MEDIA DAULAT RAKYAT TANJUNG PANDAN, 6 September 2026 – Wilayah Belitung dipastikan aman dari sebaran abu vulkanik erupsi Gunung Anak Krakatau. BMKG menegaskan arah angin saat ini membuat abu tidak mencapai Belitung, meskipun aktivitas penerbangan nasional sempat terganggu akibat penutupan Bandara Soekarno-Hatta.
Fakta Utama
- Tanggal kejadian: Minggu, 6 September 2026
- Lokasi: Kabupaten Belitung, Provinsi Kepulauan Bangka Belitung
- Instansi terkait: Stasiun Meteorologi Kelas II http://H.AS. Hanandjoeddin, BMKG Wilayah II
- Hasil uji: Paper test menunjukkan Belitung aman dari paparan abu vulkanik
Penjelasan BMKG
BMKG Wilayah II menjelaskan bahwa arah angin menjadi faktor utama Belitung tidak terdampak.
Forecaster BMKG Stasiun http://H.AS. Hanandjoeddin, Salsa, mengatakan:
“Pergerakan angin saat ini bertiup dari arah Timur – Selatan menuju ke Barat – Barat Daya.
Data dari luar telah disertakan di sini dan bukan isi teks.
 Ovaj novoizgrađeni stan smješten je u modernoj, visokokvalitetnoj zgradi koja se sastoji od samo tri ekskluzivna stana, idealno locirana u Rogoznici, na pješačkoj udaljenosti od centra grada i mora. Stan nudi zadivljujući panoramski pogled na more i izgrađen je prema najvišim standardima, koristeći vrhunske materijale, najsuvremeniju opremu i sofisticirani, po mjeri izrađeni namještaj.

Hal ini menyebabkan potensi terpapar wilayah Belitung terhadap sebaran abu vulkanik sangat kecil, bahkan sejauh ini tidak terdampak.”
Sebaran abu vulkanik saat ini:
- Lapisan 0–2000 ft: Bergerak ke Timur Laut–Selatan, mencakup DKI Jakarta, Jawa Barat, dan sekitarnya.
- Lapisan 0–5000 ft: Bergerak ke Barat Daya–Barat Laut, meliputi Banten, Lampung, Bengkulu, Sumatera Selatan, hingga Samudra Hindia.
Untuk cuaca lokal di Belitung, BMKG menyebut kondisi tetap normal dan tidak ada anomali iklim signifikan.
Dampak Penerbangan
Meskipun tidak terdampak abu, penerbangan di Belitung tetap mengalami penyesuaian.
- Bandara Soekarno-Hatta: Ditutup sementara demi keselamatan penerbangan akibat abu vulkanik.
- Bandara http://H.AS. Hanandjoeddin Belitung: Jadwal penerbangan mengalami penyesuaian mengikuti kebijakan nasional dan koordinasi dengan maskapai.
Imbauan BMKG
BMKG mengimbau masyarakat Belitung untuk tetap tenang dan tidak mudah terpengaruh isu yang tidak jelas.
Salsa, Forecaster BMKG, menyampaikan:
“Masyarakat diimbau tetap tenang karena Belitung aman dari sebaran debu letusan Anak Krakatau. Namun, sebagai langkah antisipasi standar kesehatan harian, warga tetap disarankan menggunakan masker jika beraktivitas di luar rumah.”
Warga juga diminta terus memantau informasi resmi dari BMKG, PVMBG, dan otoritas bandara terkait perkembangan erupsi Anak Krakatau.